Deanshanger () is a village and civil parish in West Northamptonshire, west-northwest of Milton Keynes. In 2007 it was joined with the civil parish of Wicken to form Deanshanger ward, returning two councillors. The population of the civil parish (including Puxley) at the 2011 census was 3,817. Deanshanger is  northwest of London,  northwest of Milton Keynes and  southeast of Birmingham.

History
Deanshanger used to be called Daneshanger, "hanger" being an old English word, meaning a clearing in the woods – hence Daneshanger was a clearing in the woods where the Danes lived.

The original population centre of the parish was the hamlet of Passenham. However, from the late 18th century the coming of the Grand Union Canal to the east made Deanshanger an agricultural industrial centre causing it to grow quickly. This growth accelerated with the building of the London and Birmingham Railway in the first half of the 19th century which passed through the nearby villages of Wolverton, Bletchley and Roade.

After a fall out with Henry II in 1170 AD, Thomas Becket is said to have sought refuge in the Gilbertine Monastery in Deanshanger (or Dinneshangra as it was then known). Although disguised as a peasant, he was nevertheless recognised by a farm labourer.

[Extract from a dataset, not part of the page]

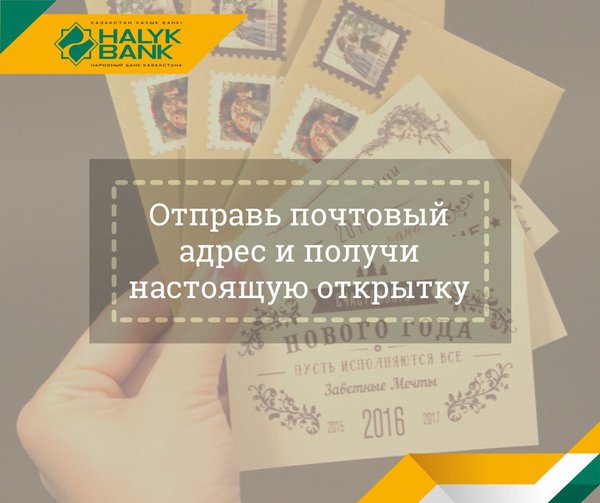 Halyk Bank (17.12.2015): Друзья, напоминаем, что у вас есть возможность получить новогоднюю «живую» открытку. И это совершенно бесплатно! :) Просто команда Halyk Bank желает быть ближе к вам в наступающем Новом году. Чтобы получить открытку от Halyk Bank, отправляйте свои почтовые адреса с указанием индекса и контактного номера телефона на наш e-mail: halyk.digital@gmail.com Адреса мы принимаем до 21 декабря включительно. А потом начнем рассылку :) Обещаем, что никому и ни за что не выдадим ваши контакты! Дед Мороз — исключение :) Всем добра!

At the time the only water supply in the village was foul and brackish, and having heard of the miracle that Becket was said to have performed at nearby Northampton, the farm labourer pleaded with Becket to repeat the performance. Becket is said to have looked towards Heaven, struck the ground with his staff, and immediately a fresh spring appeared. This is one of 703 miracles that is said to have led to his canonisation.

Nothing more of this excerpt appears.